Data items
________

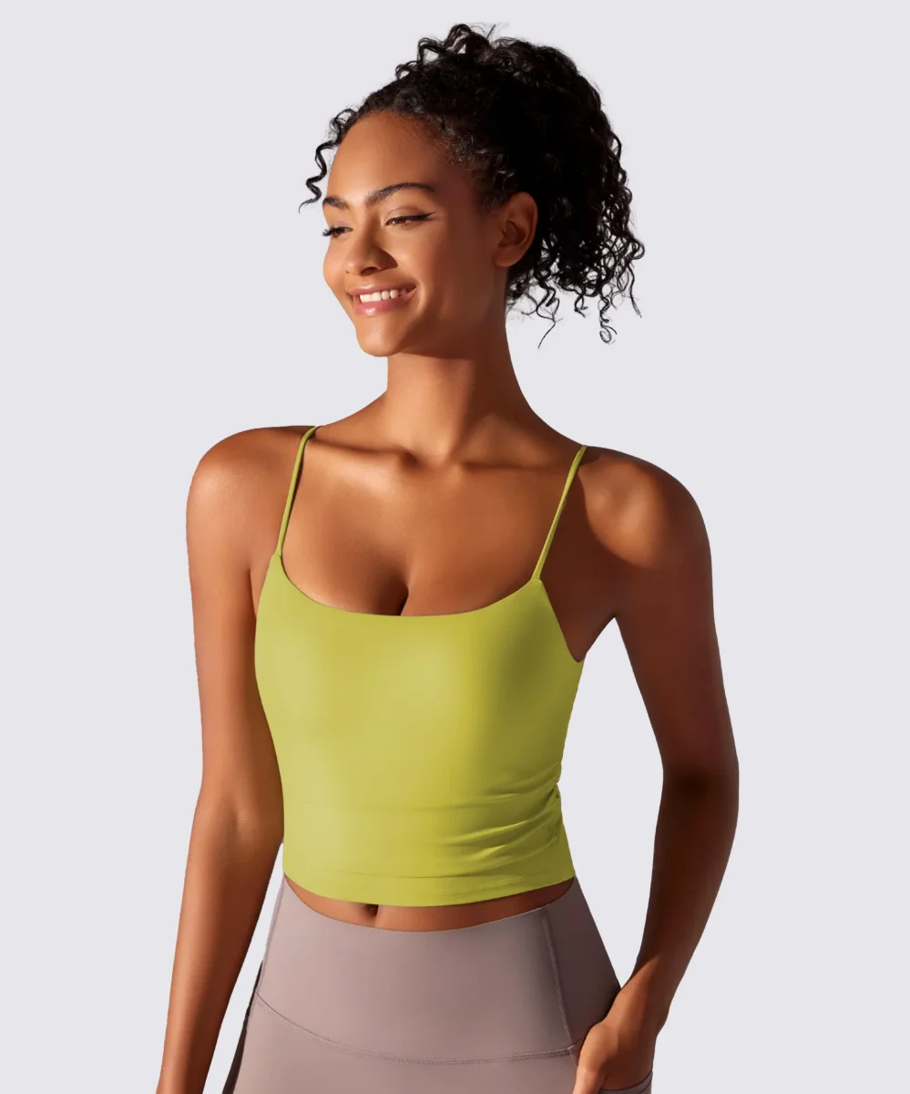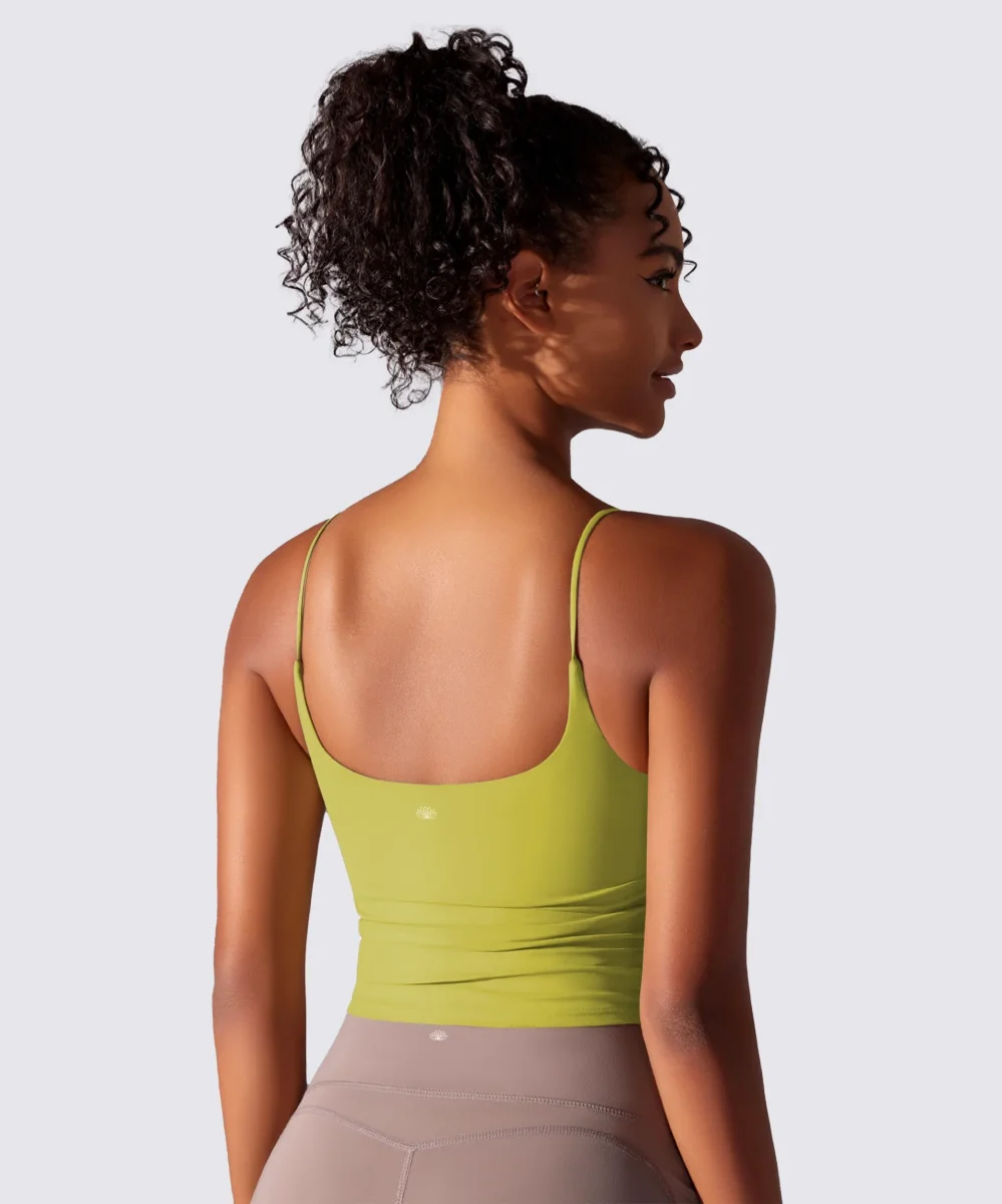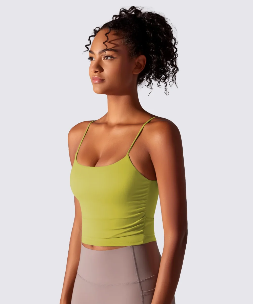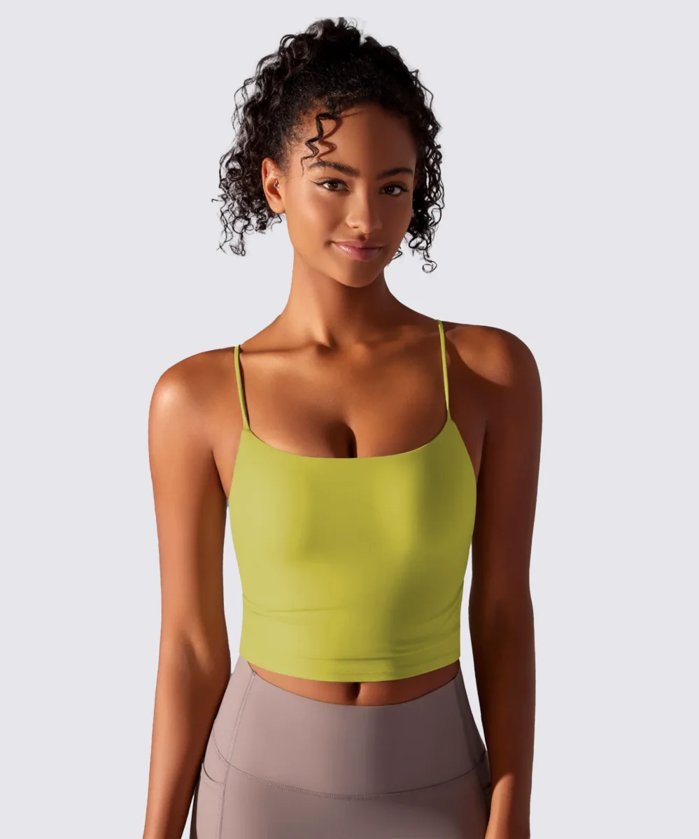 Cette brassière de sport olive allie maintien, confort et style naturel. Sa matière extensible et respirante épouse parfaitement les formes pour offrir une liberté totale de mouvement. Idéale pour le yoga, le pilates et les entraînements quotidiens, elle apporte une touche apaisante et élégante à votre tenue sportive.
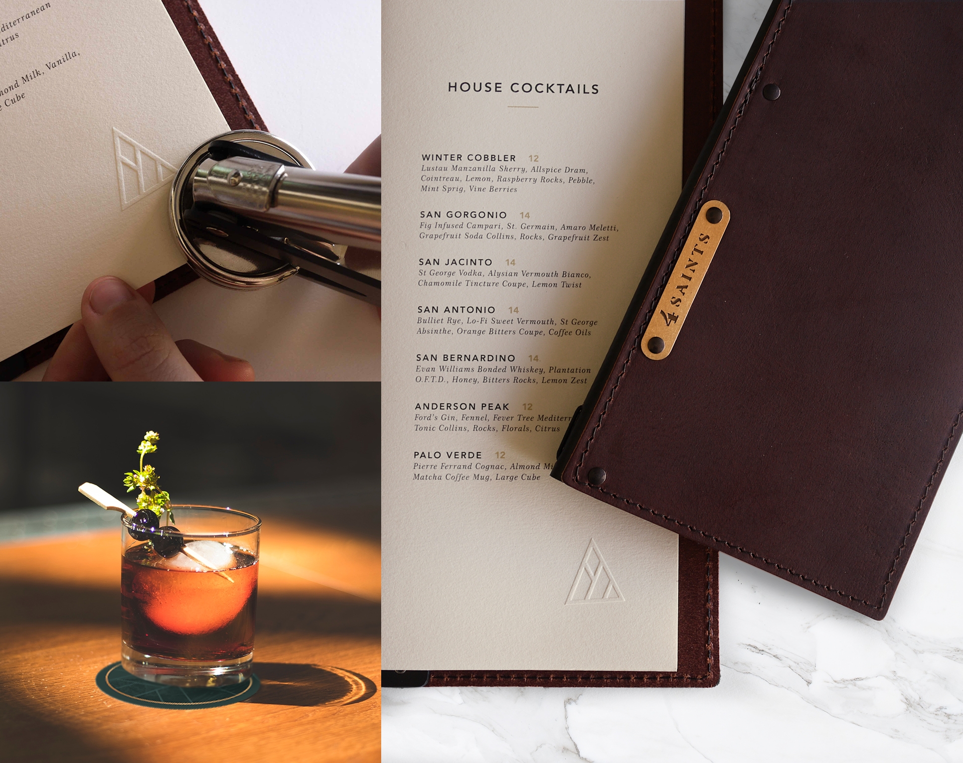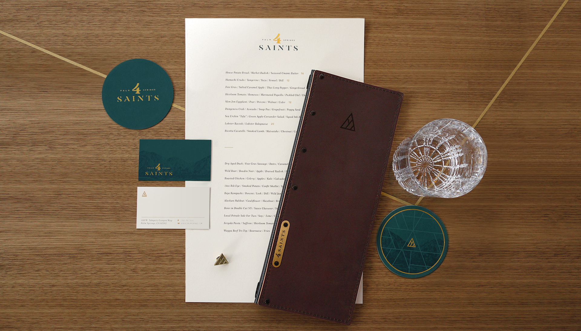 With unparalleled views of picturesque Palm Springs, “4 Saints” provides a unique and modern dining destination for avid tourists and local travelers alike. Inspired by the four prominent peaks of the San Jacinto Mountains, Farm Design developed the brand to exemplify the elevated rooftop restaurant and open bar experience. 4 Saints offers a thoughtful menu of modern American fare and a welcome as warm as the desert sun.
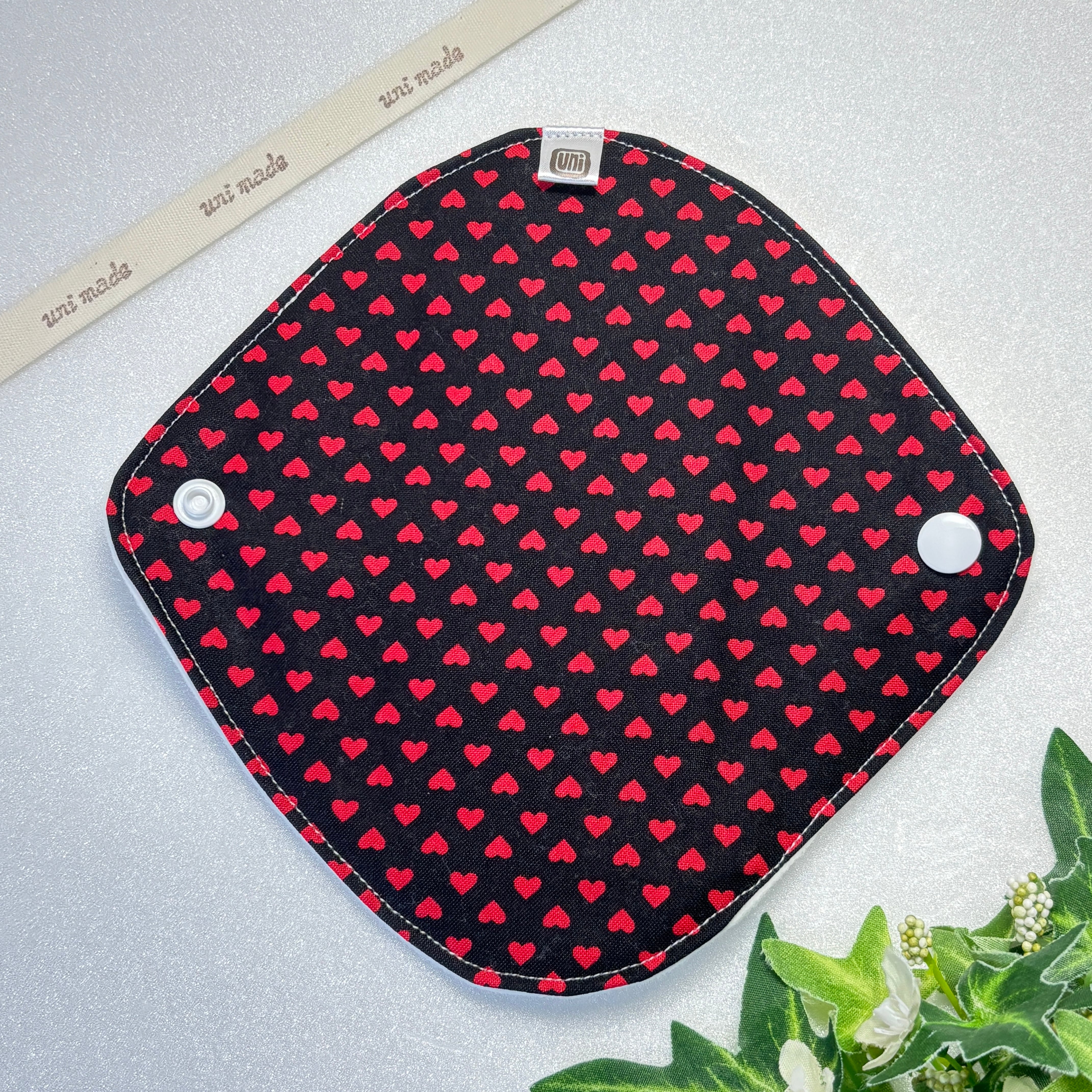 布ナプキン 防水S18cm 軽い日、尿モレ おりものにも 温活 妊活 シンプル ハート 黒地 赤ハート
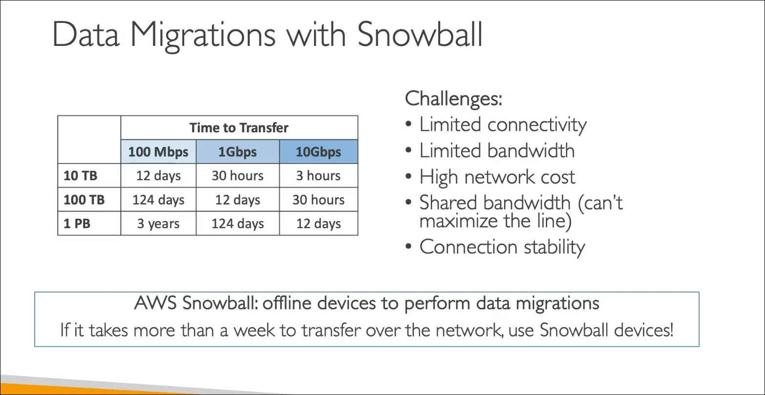 - Ideal for petabyte-scale data transfers where the network is slow, costly, or unstable.
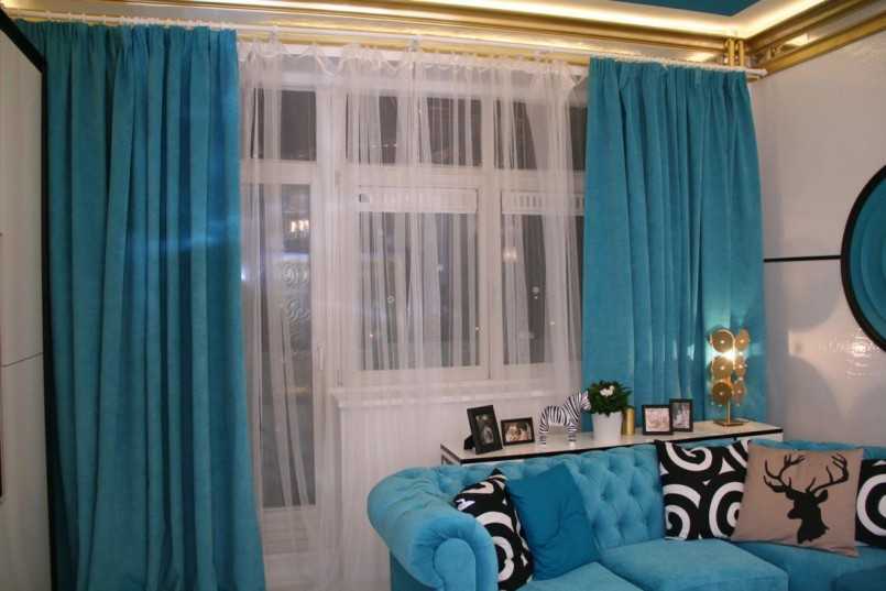 Многоцветные конструкции обычно делают из прозрачных тканей. Для такого приема нужно приобрести многоярусный карниз. Оттенки штор должны сочетаться между собой. Например, удачным сочетанием считается комбинация белых и синих занавесок.
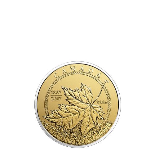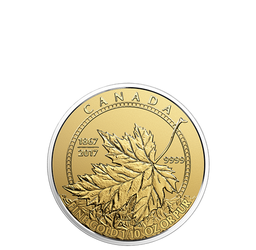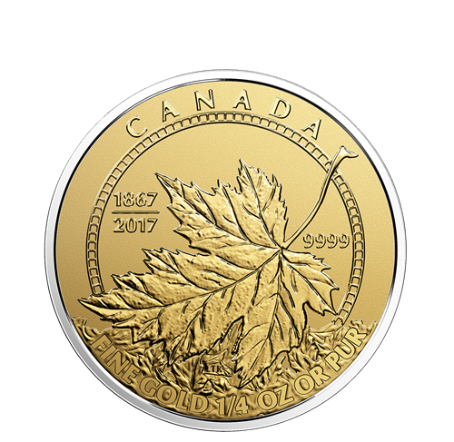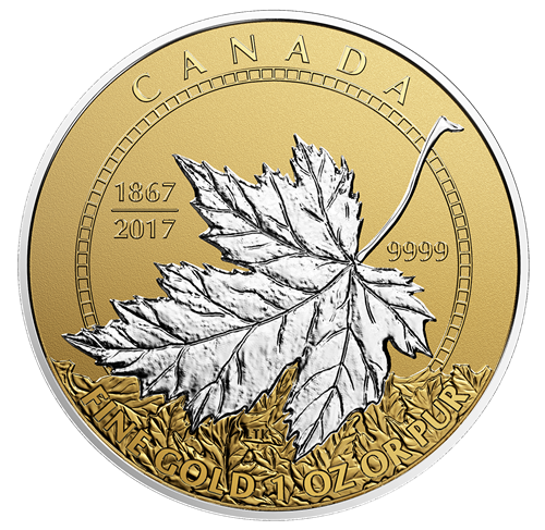 All four coins feature a design by Canadian artist Lisa Thomson-Khan that celebrates Canada's 150th anniversary through a natural portrait of a Canadian icon. Asingle engraved leaf from a red maple tree (Acer rubrum) gently falls upon a bed of leaves against the reverse proof background. Theleaf is lovingly brought to life in impeccable detail, with meticulously engraved veins that run through each lobe towards the leaf's serrated edge.The first-time application of platinum plating creates a pleasing contrast against the gold background, while adding an unexpected shine to the magnificent leaf on the 1 oz. coin and to the rim of each coin. The reverse on all four coins also include the engraved word “CANADA”, the commemorative dates “1867-2017” and the purity, which has been struck incuse.
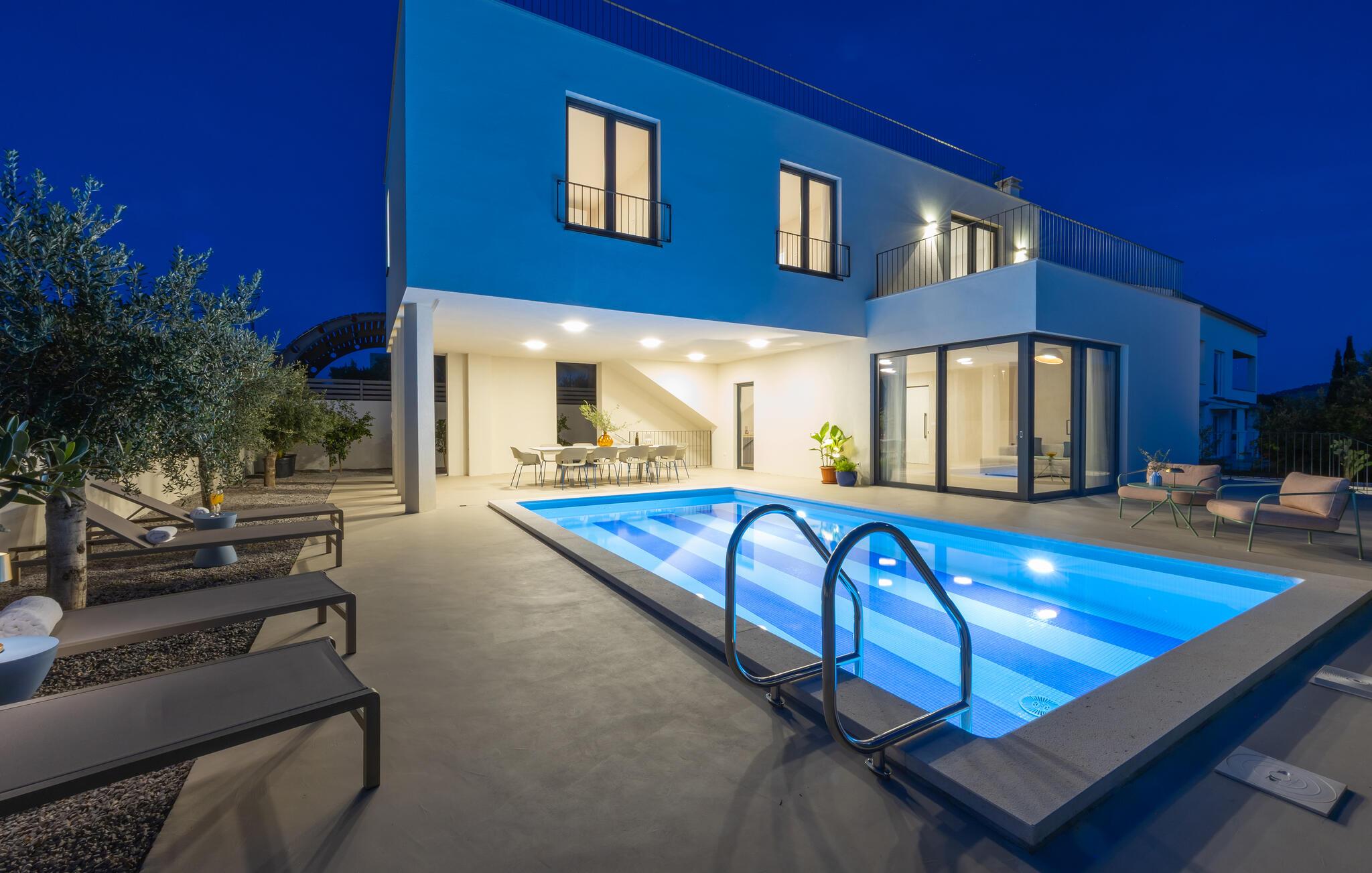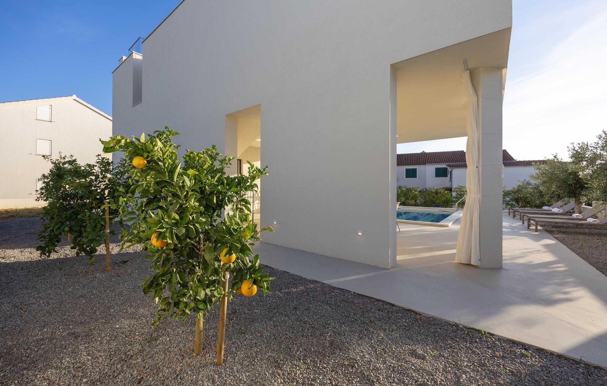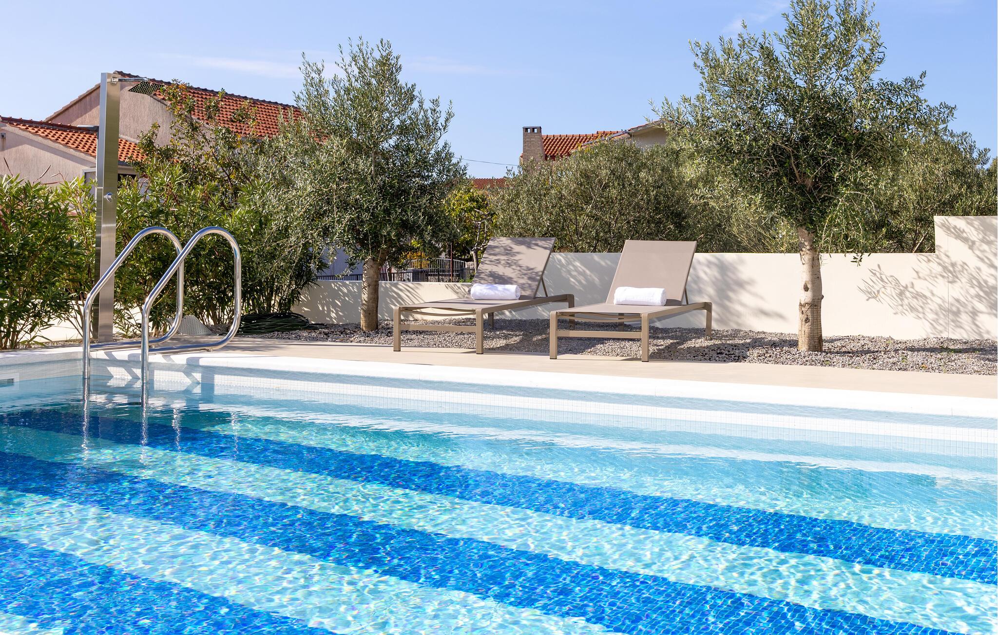 Tilbring en drømmeferie sammen i dette luksuriøse feriehus med pool og havudsigt. Træd indenfor og lad jer betage af den lyse og indbydende atmosfære i denne moderne villa, hvor I vil føle jer fuldstændig veltilpas på alle tider af året. Skab kulinariske lækkerier, saml jer til stilfulde måltider, og glæd jer til hyggelige aftener i den behagelige sofa. Stream en spændende film, eller brug jeres tid sammen til sjove spilleaftener eller en god samtale over et glas vin. En pragtfuld pool venter jer i det elegante udendørsområde, hvor I kan forfriske jer, når I har lyst. Server jeres morgenmad på terrassen, og lad op på de behagelige liggestole. Udforsk den maleriske havn og strandene i Rogoznica, hvor I kan glide hen over det krystalklare vand på et stand-up paddleboard. Tag en dagstur til øen Prvic for at opdage historiske fyrtårne og charmerende landsbyer, eller udforsk den nærliggende by Šibenik med dens imponerende katedral og snoede gader. Beundr vandfaldene i Krka Naturpark, og smag kroatiske specialiteter i traditionelle taverner.

________

> **Exercise objective**
From the first line to the last, write out the data exactly, dropping any pictures.

> **Exercise answer**
 Cette brassière de sport olive allie maintien, confort et style naturel. Sa matière extensible et respirante épouse parfaitement les formes pour offrir une liberté totale de mouvement. Idéale pour le yoga, le pilates et les entraînements quotidiens, elle apporte une touche apaisante et élégante à votre tenue sportive.
 With unparalleled views of picturesque Palm Springs, “4 Saints” provides a unique and modern dining destination for avid tourists and local travelers alike. Inspired by the four prominent peaks of the San Jacinto Mountains, Farm Design developed the brand to exemplify the elevated rooftop restaurant and open bar experience. 4 Saints offers a thoughtful menu of modern American fare and a welcome as warm as the desert sun.
 布ナプキン 防水S18cm 軽い日、尿モレ おりものにも 温活 妊活 シンプル ハート 黒地 赤ハート
 - Ideal for petabyte-scale data transfers where the network is slow, costly, or unstable.
 Многоцветные конструкции обычно делают из прозрачных тканей. Для такого приема нужно приобрести многоярусный карниз. Оттенки штор должны сочетаться между собой. Например, удачным сочетанием считается комбинация белых и синих занавесок.
 All four coins feature a design by Canadian artist Lisa Thomson-Khan that celebrates Canada's 150th anniversary through a natural portrait of a Canadian icon. Asingle engraved leaf from a red maple tree (Acer rubrum) gently falls upon a bed of leaves against the reverse proof background. Theleaf is lovingly brought to life in impeccable detail, with meticulously engraved veins that run through each lobe towards the leaf's serrated edge.The first-time application of platinum plating creates a pleasing contrast against the gold background, while adding an unexpected shine to the magnificent leaf on the 1 oz. coin and to the rim of each coin. The reverse on all four coins also include the engraved word “CANADA”, the commemorative dates “1867-2017” and the purity, which has been struck incuse.
 Tilbring en drømmeferie sammen i dette luksuriøse feriehus med pool og havudsigt. Træd indenfor og lad jer betage af den lyse og indbydende atmosfære i denne moderne villa, hvor I vil føle jer fuldstændig veltilpas på alle tider af året. Skab kulinariske lækkerier, saml jer til stilfulde måltider, og glæd jer til hyggelige aftener i den behagelige sofa. Stream en spændende film, eller brug jeres tid sammen til sjove spilleaftener eller en god samtale over et glas vin. En pragtfuld pool venter jer i det elegante udendørsområde, hvor I kan forfriske jer, når I har lyst. Server jeres morgenmad på terrassen, og lad op på de behagelige liggestole. Udforsk den maleriske havn og strandene i Rogoznica, hvor I kan glide hen over det krystalklare vand på et stand-up paddleboard. Tag en dagstur til øen Prvic for at opdage historiske fyrtårne og charmerende landsbyer, eller udforsk den nærliggende by Šibenik med dens imponerende katedral og snoede gader. Beundr vandfaldene i Krka Naturpark, og smag kroatiske specialiteter i traditionelle taverner.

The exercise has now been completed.